UPDATE: reader Mike Johnson writes in to say that the glitches and loops seen in the visual part of the video can be explained as standard characteristics of dash-mounted cameras, which record sequences of short, overlapping files.
the video oddities aren’t a sign the video was edited. If anything, they’re actually a sign that the video wasn’t edited. Many dashcams show those kinds of loops in the raw footage; it’s a feature, not a bug. They have redundant, overlapping frames between the end of one video file and the beginning of the next by design. It’s a guarantee that no frames were dropped, no data lost, as the camera closed one file and started writing to another.
I have a G1W dashcam; there’s always a slight loop between the video files when you stitch them back together for playback. It’s more subtle than the one in the raw dashcam footage from Texas, but it’s unmistakeable. Here’s an example from my own dashcam. The loop happens at 3:00, because my camera records in three minute segments.
The raw Sandra Bland footage has those same redundant loops. It’s not that a car disappears at 32 minutes; it’s that the video has essentially backed up a second, and so the white car that supposedly disappeared has to re-enter the frame. Which it does.
What’s ironic and disappointing is, the Texas Department of Public Safety has, in response to the claims it had been edited, pulled the raw footage from YouTube, and replaced it with a clearly edited version. Now it’s much more difficult to determine the integrity of the data. What’s more, any mirror of the original raw footage can’t be guaranteed that it hasn’t been edited by somebody trying to make the Texas police look bad.

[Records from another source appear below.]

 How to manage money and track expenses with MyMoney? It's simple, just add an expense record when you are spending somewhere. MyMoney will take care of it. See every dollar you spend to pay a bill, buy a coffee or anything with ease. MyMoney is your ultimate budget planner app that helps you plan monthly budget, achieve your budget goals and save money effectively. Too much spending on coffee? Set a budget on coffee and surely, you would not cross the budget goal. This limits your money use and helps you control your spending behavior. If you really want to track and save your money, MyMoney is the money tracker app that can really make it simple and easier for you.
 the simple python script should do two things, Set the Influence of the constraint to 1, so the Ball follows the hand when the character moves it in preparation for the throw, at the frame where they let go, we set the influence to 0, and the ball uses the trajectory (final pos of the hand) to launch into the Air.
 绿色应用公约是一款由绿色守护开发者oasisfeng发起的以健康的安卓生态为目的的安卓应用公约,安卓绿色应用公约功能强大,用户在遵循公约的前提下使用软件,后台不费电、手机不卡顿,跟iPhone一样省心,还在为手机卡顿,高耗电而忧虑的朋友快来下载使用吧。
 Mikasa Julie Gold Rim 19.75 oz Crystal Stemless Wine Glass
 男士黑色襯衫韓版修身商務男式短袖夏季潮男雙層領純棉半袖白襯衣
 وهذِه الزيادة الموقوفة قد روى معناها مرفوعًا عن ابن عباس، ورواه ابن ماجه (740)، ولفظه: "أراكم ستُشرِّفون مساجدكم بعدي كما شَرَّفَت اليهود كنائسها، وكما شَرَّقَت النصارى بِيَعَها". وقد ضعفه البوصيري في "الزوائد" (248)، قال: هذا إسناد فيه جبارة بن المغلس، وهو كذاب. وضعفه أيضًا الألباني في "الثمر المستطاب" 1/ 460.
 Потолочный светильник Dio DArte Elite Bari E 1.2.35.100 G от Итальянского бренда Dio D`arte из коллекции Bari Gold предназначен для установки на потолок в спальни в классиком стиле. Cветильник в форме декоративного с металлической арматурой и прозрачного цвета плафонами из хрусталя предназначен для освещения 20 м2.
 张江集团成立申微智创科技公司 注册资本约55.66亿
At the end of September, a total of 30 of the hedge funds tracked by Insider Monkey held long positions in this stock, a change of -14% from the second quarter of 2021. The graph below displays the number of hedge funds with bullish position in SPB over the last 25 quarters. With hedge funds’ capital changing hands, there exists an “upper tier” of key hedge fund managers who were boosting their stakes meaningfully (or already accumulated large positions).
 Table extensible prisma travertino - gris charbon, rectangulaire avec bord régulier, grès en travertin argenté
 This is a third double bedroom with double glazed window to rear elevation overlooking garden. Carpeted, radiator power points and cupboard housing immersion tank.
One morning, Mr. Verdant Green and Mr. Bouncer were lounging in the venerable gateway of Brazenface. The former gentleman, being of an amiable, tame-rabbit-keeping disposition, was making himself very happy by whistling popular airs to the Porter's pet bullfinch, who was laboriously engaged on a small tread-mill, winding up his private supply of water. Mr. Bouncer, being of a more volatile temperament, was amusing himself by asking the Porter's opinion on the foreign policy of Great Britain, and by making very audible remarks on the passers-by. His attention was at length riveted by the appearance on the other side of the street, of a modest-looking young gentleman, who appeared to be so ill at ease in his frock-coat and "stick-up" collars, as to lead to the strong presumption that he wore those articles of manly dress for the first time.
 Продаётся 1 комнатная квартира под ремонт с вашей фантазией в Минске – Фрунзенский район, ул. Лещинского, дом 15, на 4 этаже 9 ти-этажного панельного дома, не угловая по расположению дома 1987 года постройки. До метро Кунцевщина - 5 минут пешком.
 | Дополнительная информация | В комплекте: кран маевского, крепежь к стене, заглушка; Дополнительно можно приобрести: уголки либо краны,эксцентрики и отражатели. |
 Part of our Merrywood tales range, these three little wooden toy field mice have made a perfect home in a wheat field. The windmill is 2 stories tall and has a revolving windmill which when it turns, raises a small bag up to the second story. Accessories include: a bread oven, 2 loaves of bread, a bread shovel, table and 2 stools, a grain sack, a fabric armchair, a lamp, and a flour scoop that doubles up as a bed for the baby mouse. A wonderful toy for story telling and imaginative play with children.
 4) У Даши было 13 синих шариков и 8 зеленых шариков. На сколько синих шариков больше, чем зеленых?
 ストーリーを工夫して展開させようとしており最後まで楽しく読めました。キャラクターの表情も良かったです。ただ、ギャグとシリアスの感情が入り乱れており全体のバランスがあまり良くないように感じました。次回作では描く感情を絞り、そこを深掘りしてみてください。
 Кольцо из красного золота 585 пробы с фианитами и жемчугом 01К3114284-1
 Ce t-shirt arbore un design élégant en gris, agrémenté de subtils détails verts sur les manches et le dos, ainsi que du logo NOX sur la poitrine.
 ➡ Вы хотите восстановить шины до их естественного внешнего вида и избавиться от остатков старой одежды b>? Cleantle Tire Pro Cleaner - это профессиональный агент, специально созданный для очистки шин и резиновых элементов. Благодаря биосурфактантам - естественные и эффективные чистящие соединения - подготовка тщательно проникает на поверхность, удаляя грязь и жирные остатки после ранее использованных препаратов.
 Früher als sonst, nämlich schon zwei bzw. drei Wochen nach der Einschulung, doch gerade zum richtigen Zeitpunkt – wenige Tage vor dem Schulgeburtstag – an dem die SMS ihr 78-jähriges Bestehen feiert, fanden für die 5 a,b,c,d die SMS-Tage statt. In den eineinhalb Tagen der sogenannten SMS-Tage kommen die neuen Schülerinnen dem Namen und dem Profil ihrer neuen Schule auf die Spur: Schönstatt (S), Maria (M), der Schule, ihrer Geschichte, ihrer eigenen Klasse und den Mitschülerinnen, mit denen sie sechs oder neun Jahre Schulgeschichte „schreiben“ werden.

I can’t explain how they recorded the audio, or processed it or posted it. My guess is, it was recorded on a different device and added to the video before uploading it to YouTube. That would explain why the audio ended before the video, as the video was lengthened by each stitch and they fell out of sync.
The Texas Department of Public Safety did the right thing in releasing the raw footage. It doesn’t explain how Sandra Bland died, but it certainly shows a constant escalation of tensions as the arresting officer goaded Sandra Bland and lost control of a routine, non-threatening traffic stop. If Sandra Bland wasn’t murdered, she was bullied into suicide.